## Exercise requirements
Everything from the line containing "隔著玻璃窗,看工藝師專注地以" through the line containing "Nie żyje Mirosław" in the listing below should be copied exactly, and nothing more.

## Information given
# # # # #

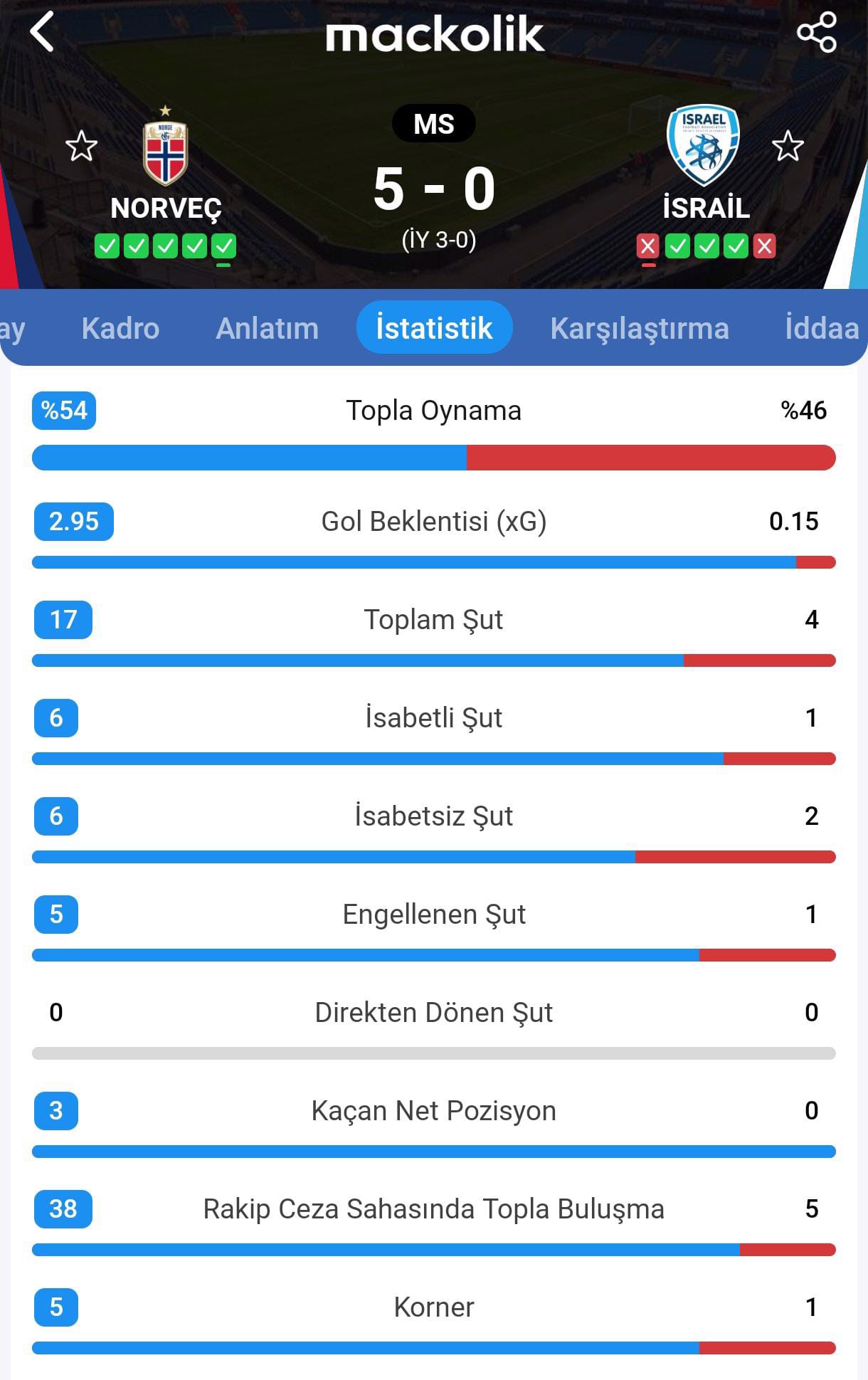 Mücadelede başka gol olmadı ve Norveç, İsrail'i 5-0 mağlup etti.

# # # # #

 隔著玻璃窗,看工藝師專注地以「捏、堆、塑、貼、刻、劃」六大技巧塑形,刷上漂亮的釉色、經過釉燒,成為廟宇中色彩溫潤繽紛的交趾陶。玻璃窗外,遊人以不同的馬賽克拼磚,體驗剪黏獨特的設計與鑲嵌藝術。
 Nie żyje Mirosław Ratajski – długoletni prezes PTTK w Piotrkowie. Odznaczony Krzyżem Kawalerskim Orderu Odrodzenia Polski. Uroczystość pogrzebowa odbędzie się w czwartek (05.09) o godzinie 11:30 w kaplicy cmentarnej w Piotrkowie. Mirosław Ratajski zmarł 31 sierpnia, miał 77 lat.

# # # # #

## Response
 隔著玻璃窗,看工藝師專注地以「捏、堆、塑、貼、刻、劃」六大技巧塑形,刷上漂亮的釉色、經過釉燒,成為廟宇中色彩溫潤繽紛的交趾陶。玻璃窗外,遊人以不同的馬賽克拼磚,體驗剪黏獨特的設計與鑲嵌藝術。
 Nie żyje Mirosław Ratajski – długoletni prezes PTTK w Piotrkowie. Odznaczony Krzyżem Kawalerskim Orderu Odrodzenia Polski. Uroczystość pogrzebowa odbędzie się w czwartek (05.09) o godzinie 11:30 w kaplicy cmentarnej w Piotrkowie. Mirosław Ratajski zmarł 31 sierpnia, miał 77 lat.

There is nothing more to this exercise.